(Dataset excerpts)
# # # # #

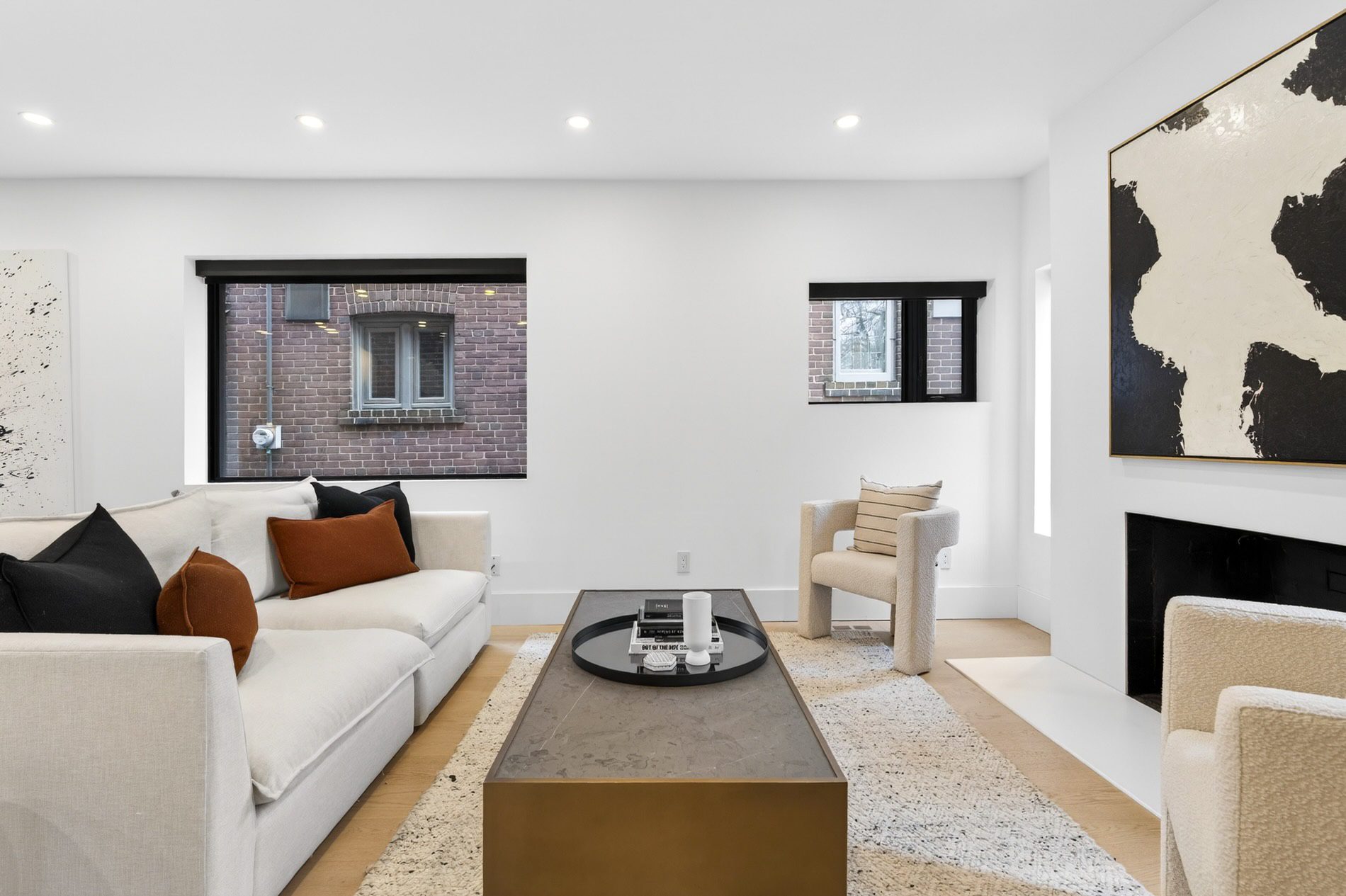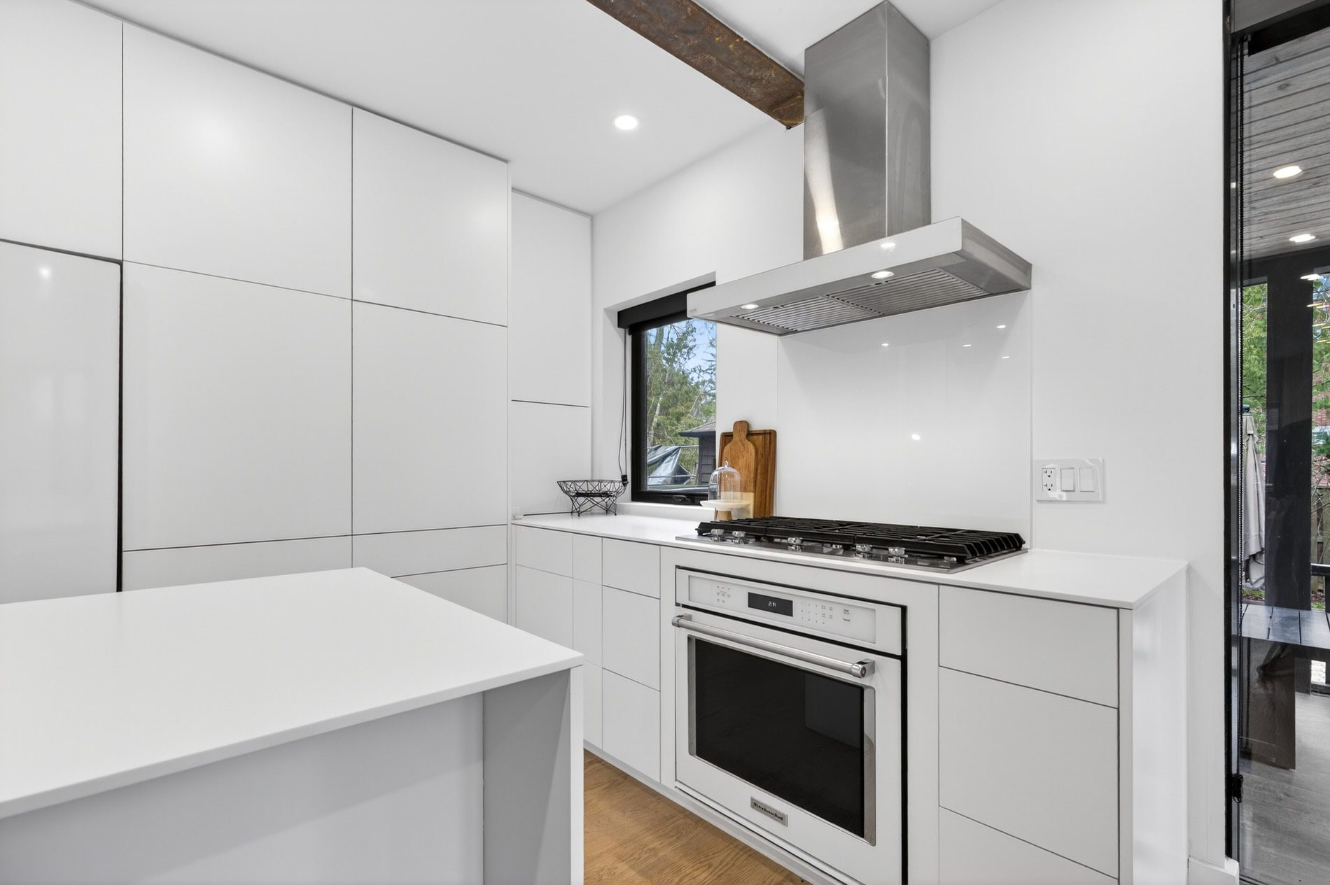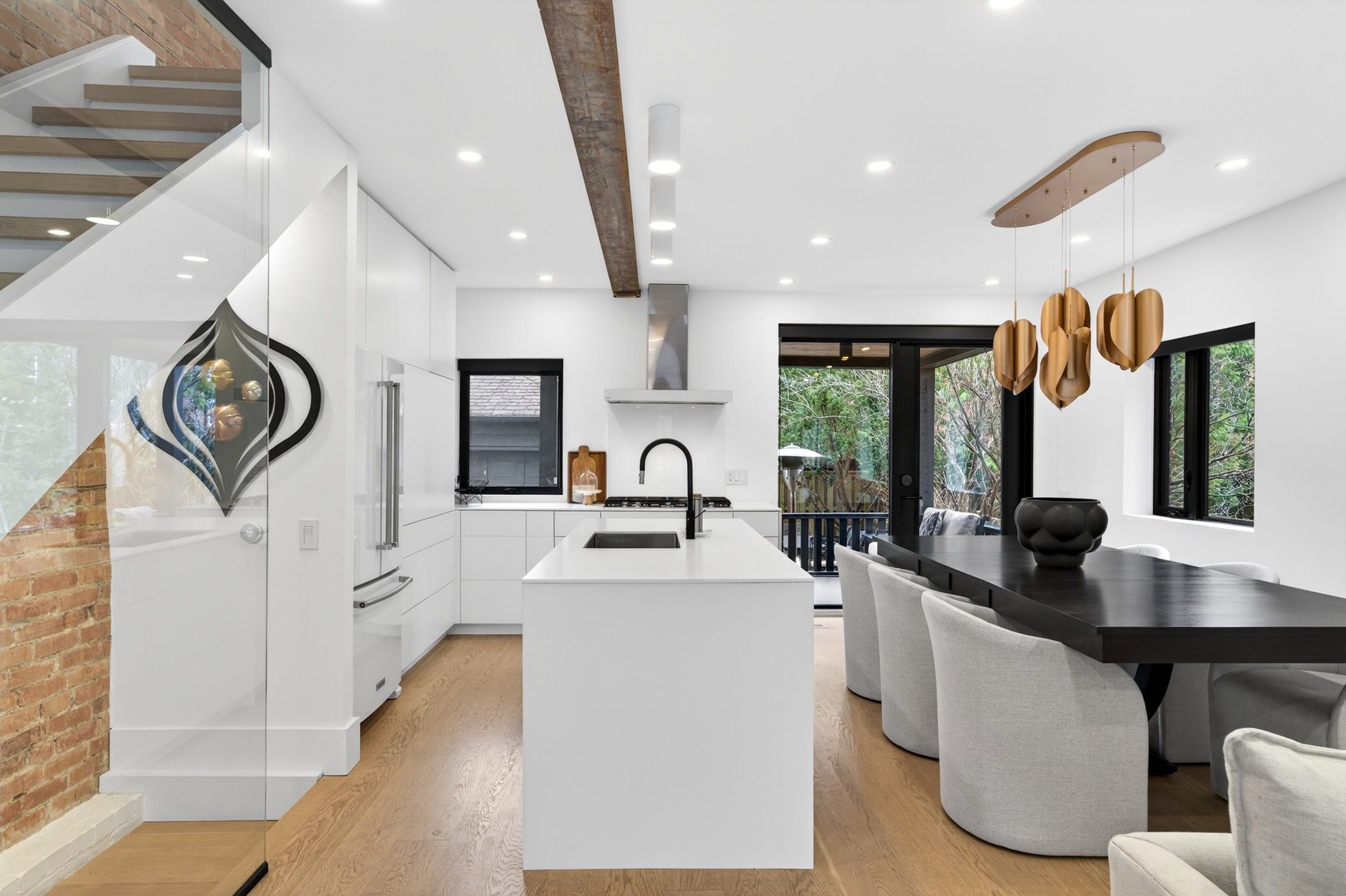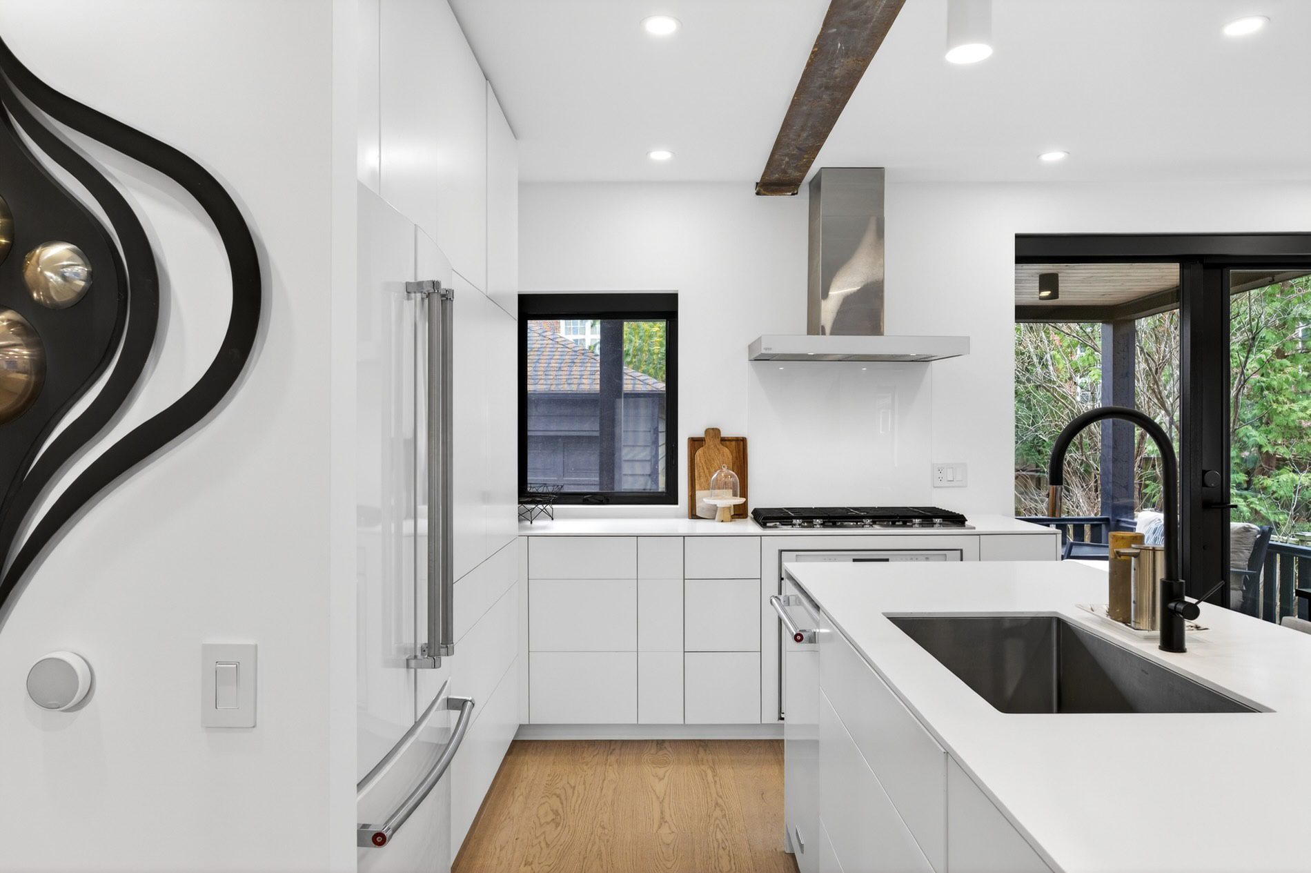Individually defined garden beds and custom floating concrete steps lead to the entry, where the foyer is defined by a tile inlay, and the front hall closet captures all your outdoor wear. The open-concept main floor then immediately draws your attention to the gorgeous interiors, with wide-plank white oak flooring, crisp white walls, and windows that line all four walls, filling the space with natural light.
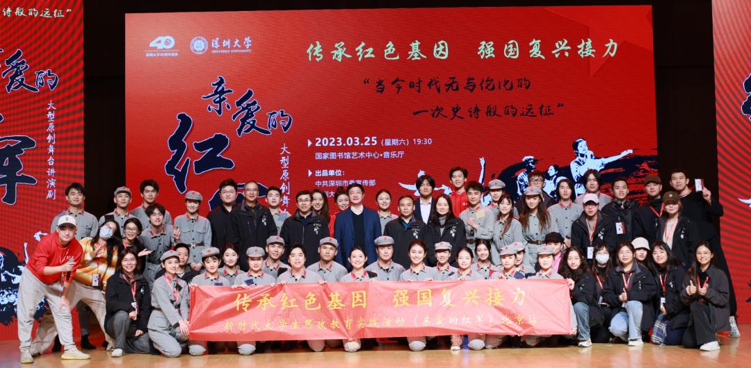 3月25日、26日,芒果体育大型原创舞台讲演剧《亲爱的红军》在北京国图艺术中心和中国传媒大学上演。别具一格的表演形式、打动人心的表演内容,为北京的观众们带来了两场演出盛宴。作为新时代长征路上的主力军,160余名深大学生,4年接力参演27场,共同演绎了一段雄伟壮丽的长征史诗。演出既是对长征精神的传承与焕新,更是一次生动的党史思政课。
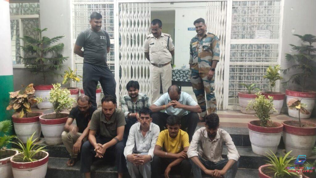 खनियांधाना। जिले की खनियांधाना पुलिस ने एक सूचना पर से बीती रात गल्ला मंडी के पास लाईट के उजाले में जुआ खेल रहे ७ जुआरियों को पकडऩे की कार्रवाई की है। जुआरियों के पास से पुलिस ने १० हजार ९५० रुपए व ताश की गड्डी जप्त की है। सभी के खिलाफ जुआ एक्ट के तहत प्रकरण दर्ज किया गया है।
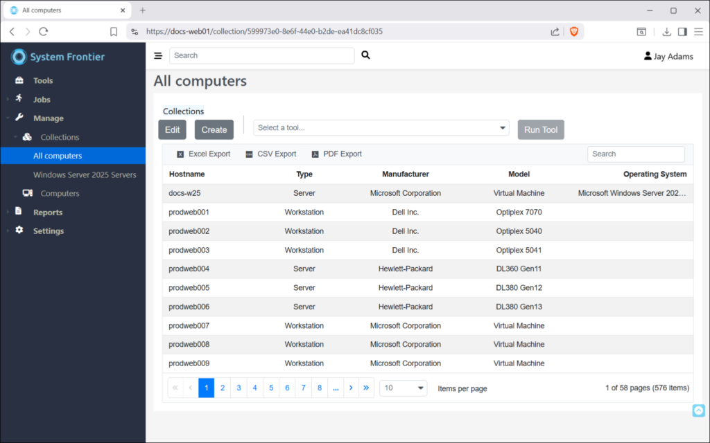 The computer object, by way of the Type field, in System Frontier is used for servers, workstations, mobile devices, switches, routers and firewalls. Currently, the bult-in tools for remote management target Windows servers and workstations, but any operating system or device can be managed with the use of custom tools.
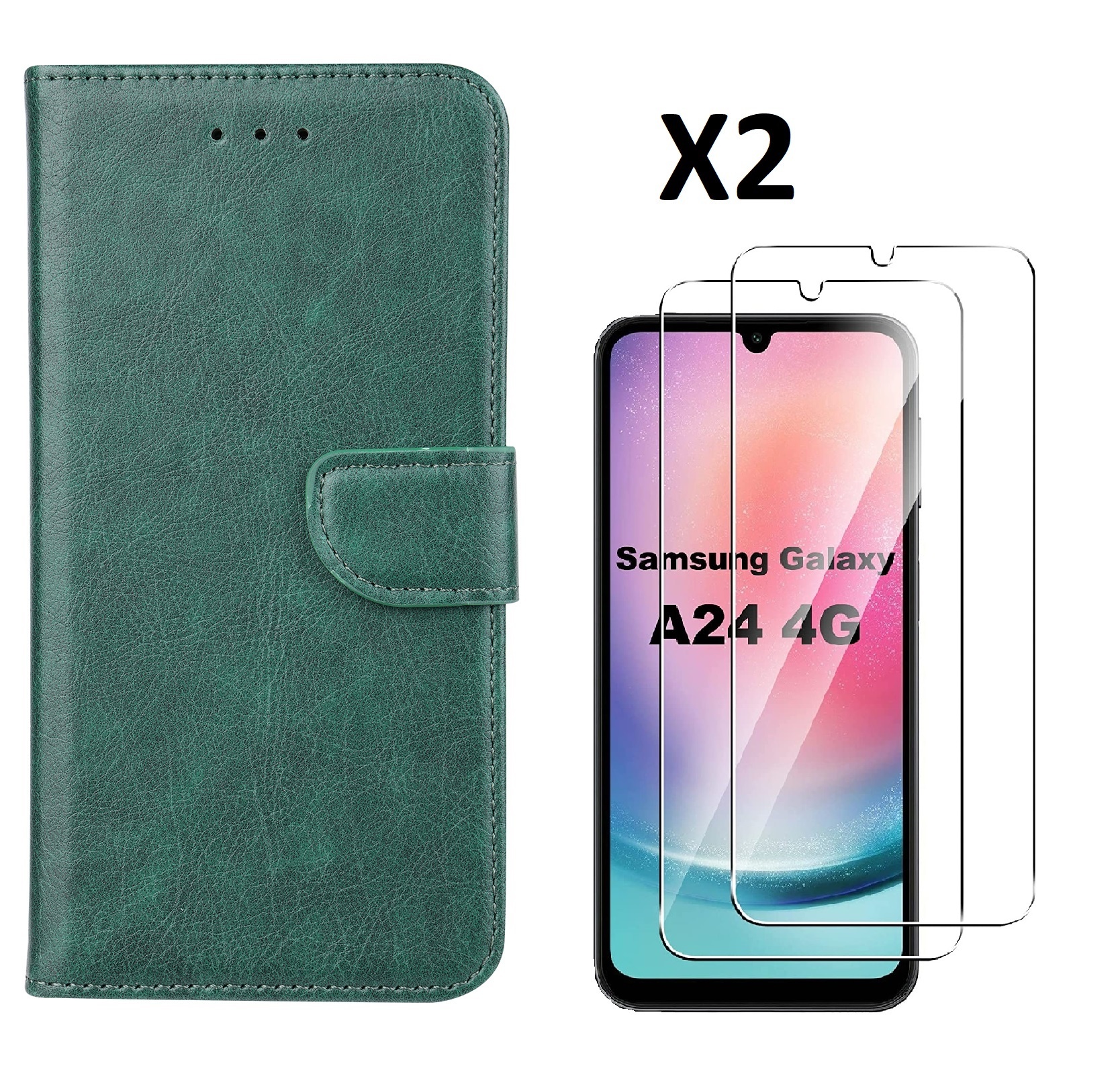 Hoesje Geschikt Voor Samsung Galaxy A24 hoesje bookcase portemonnee Met 2x screenprotector / Beschermglas - Groen

# # # # #

* **Task to complete**:
Word for word, write out the lines from the top of the records above down to the line holding "खनियांधाना। जिले की", inclusive, but not the pictures.

* **Task solution**:
Individually defined garden beds and custom floating concrete steps lead to the entry, where the foyer is defined by a tile inlay, and the front hall closet captures all your outdoor wear. The open-concept main floor then immediately draws your attention to the gorgeous interiors, with wide-plank white oak flooring, crisp white walls, and windows that line all four walls, filling the space with natural light.
 3月25日、26日,芒果体育大型原创舞台讲演剧《亲爱的红军》在北京国图艺术中心和中国传媒大学上演。别具一格的表演形式、打动人心的表演内容,为北京的观众们带来了两场演出盛宴。作为新时代长征路上的主力军,160余名深大学生,4年接力参演27场,共同演绎了一段雄伟壮丽的长征史诗。演出既是对长征精神的传承与焕新,更是一次生动的党史思政课。
 खनियांधाना। जिले की खनियांधाना पुलिस ने एक सूचना पर से बीती रात गल्ला मंडी के पास लाईट के उजाले में जुआ खेल रहे ७ जुआरियों को पकडऩे की कार्रवाई की है। जुआरियों के पास से पुलिस ने १० हजार ९५० रुपए व ताश की गड्डी जप्त की है। सभी के खिलाफ जुआ एक्ट के तहत प्रकरण दर्ज किया गया है।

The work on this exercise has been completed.